Tracking Number:  205513

Title:  "Senate Panel Hears Differing Views on North Korean Threat." The November 21 House panel debate over how the US should respond to growing evidence of the success of North Korea's efforts to attain a nuclear device was repeated four days later before the Senate panel for East Asian and Pacific Affairs. (911126)

Author:  HOLDEN, ROBERT (USIA STAFF WRITER)
Date:  19911126

Text:
*EPF202

11/26/91 * SENATE PANEL HEARS DIFFERING VIEWS ON NORTH KOREAN THREAT (Hearing of Senate Foreign Relations Committee panel) (820) By Robert F. Holden USIA Staff Writer

Washington -- The November 21 House panel debate over how the United States should respond to growing evidence of the success of North Korea's efforts to build nuclear weapons was repeated four days later before the Senate panel for East Asian and Pacific Affairs.

During a November 25 hearing of the Senate Foreign Relations Subcommittee on East Asian and Pacific Affairs, four private sector experts discussed differing options for dealing with the North Korean threat, ranging from sanctions and embargoes and blockades, to bilateral and multilateral diplomatic pressures, to U.N. inspections, to a minority view on an immediate preemptive military strike against North Korea's nuclear program facilities.

(Subcommittee Chairman Alan Cranston, Democrat of California, noted that the panel is scheduled to hear administration witnesses on the subject January 21, or even earlier if possible.)

"There is no greater threat to world security than a rogue nation like North Korea obtaining a nuclear weapon," Cranston said in his opening statement. The hearing, he said, was intended to discuss that threat and to explore multilateral and bilateral means of reducing it.

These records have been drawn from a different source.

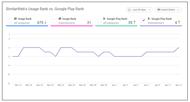 The below graph from Similarweb shows that the Bitmoji app ranks 31st in the entertainment industry, 35th in Google play rank among all categories and it stands 4th in the entertainment app category.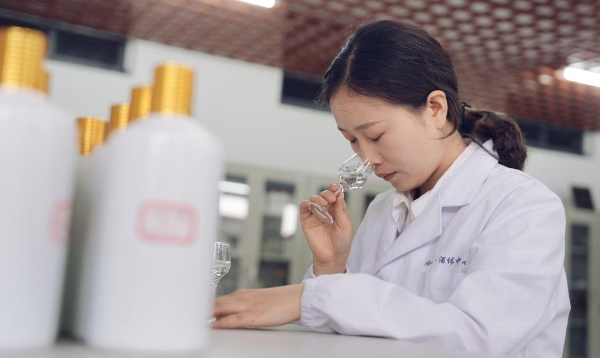 白酒勾调又称“酒体设计”,需将不同年份、不同轮次和不同典型体的上百种基酒,按科学比例调配,使酒体中微量成分达到协调平衡,形成香气优雅、口感醇厚的优质产品。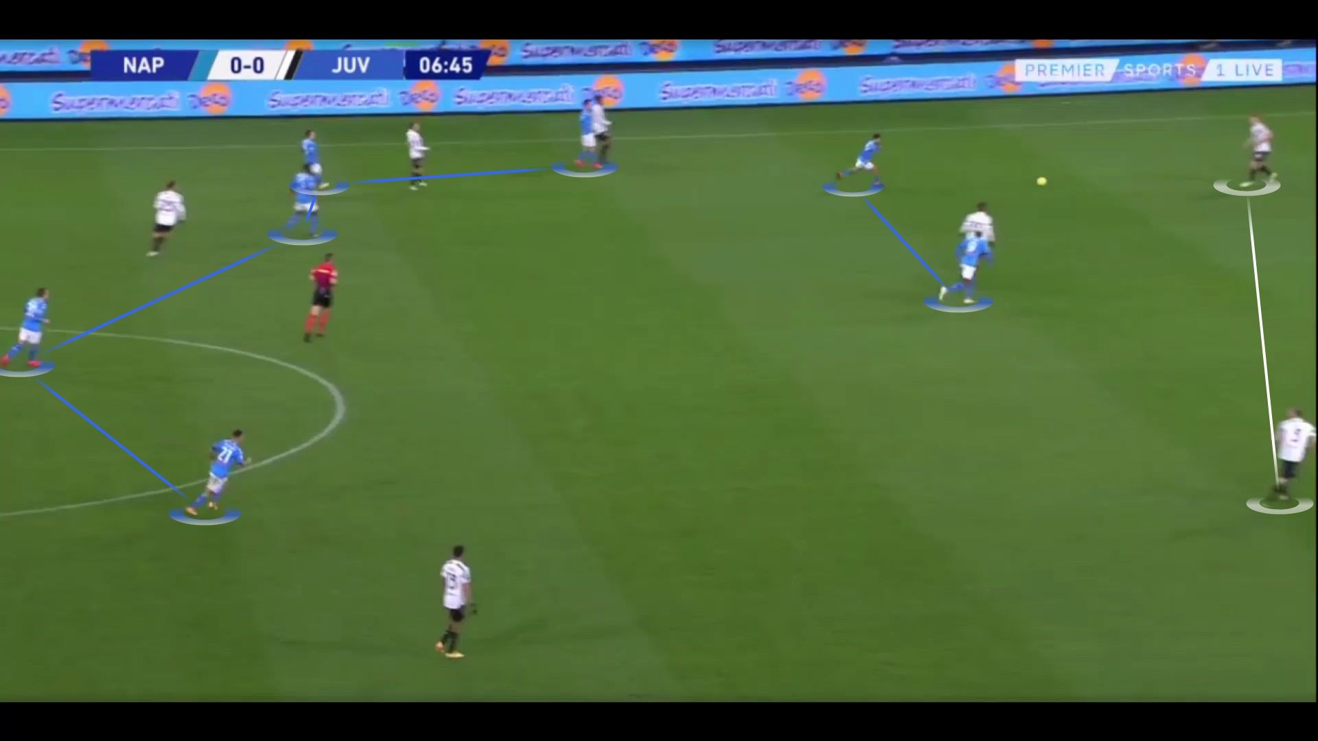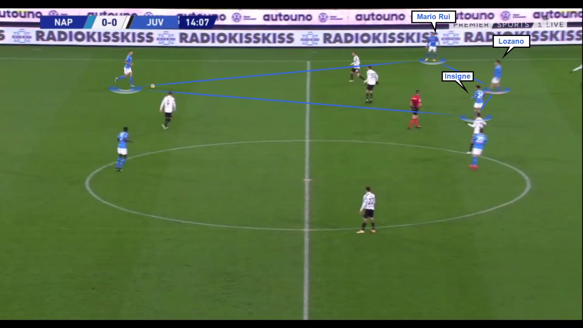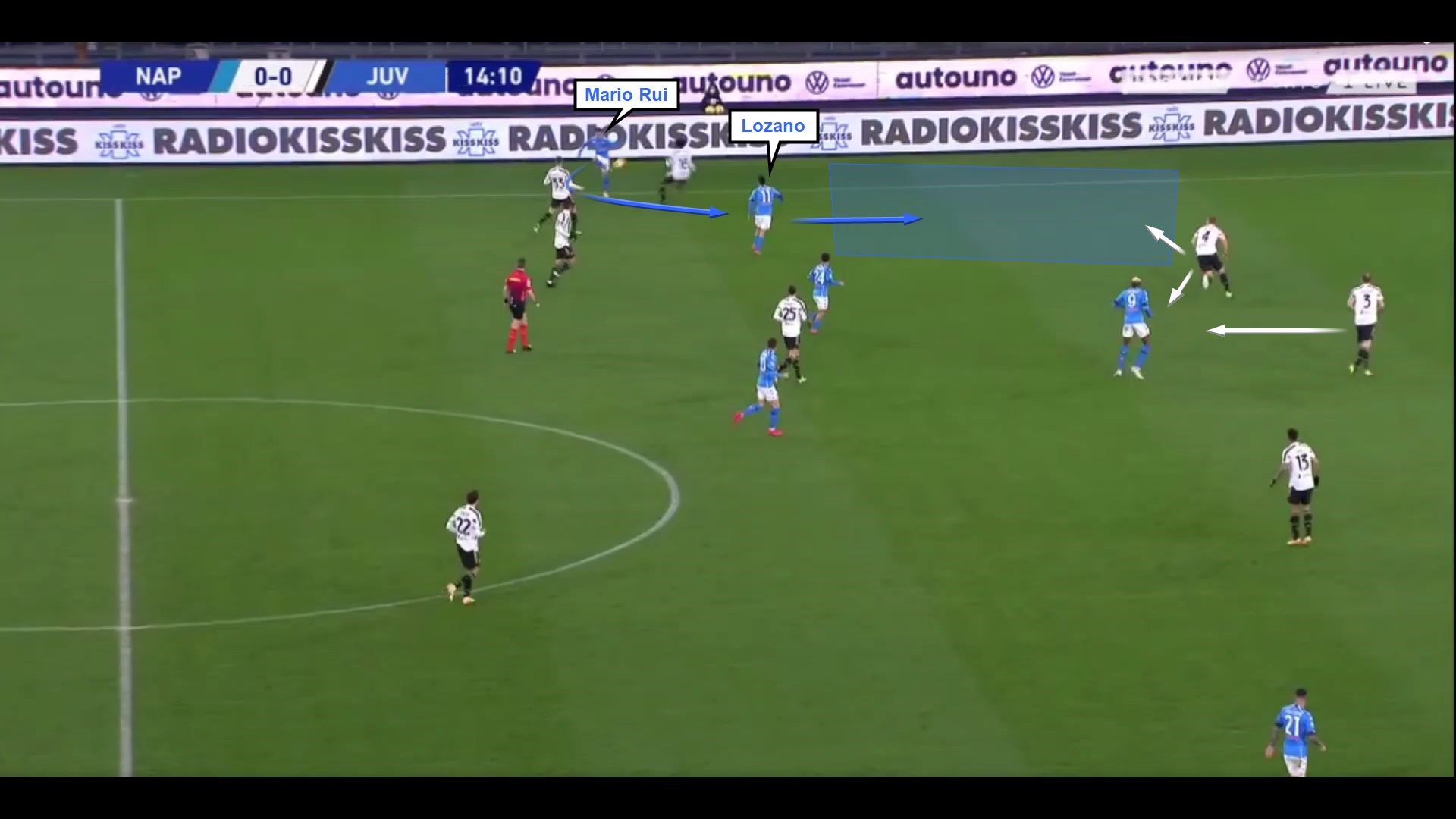 The most logical explanation for this is that Napoli simply decided to shut up shop after going 1-0 ahead, despite being relatively unimpressive from the attacking sense prior to their goal as well. Nevertheless, when Napoli did go forward, they tended to build their play down the left side of the pitch, with Mario Rui, Lozano and Insigne all combining in tight spaces. The principle of overload and underload was also present in Napoli’s game as can be seen in the images below. It is worth noting that the build-up play that led to free-kick and eventually the penalty also took place down the left side.

One way of reducing nuclear weapons proliferation, which Cranston admitted was probably too late to stop North Korea, is a bill authored by Senator John Glenn (Democrat of Ohio) which would impose sanctions against firms and individuals that assisted other countries in acquiring nuclear explosive devices or unsafeguarded special nuclear material. That bill, S. 1128, was reported out of the Senate Foreign Relations Committee November 21, Cranston said.

Speaking in favor of what he called "assertive disarmament," i.e., a military strike against North Korean nuclear facilities before they become operational, Joseph Churba of the International Security Council, a Washington think-tank, dismissed the idea that further diplomatic pressure or export controls could get Pyongyang to abandon its nuclear program.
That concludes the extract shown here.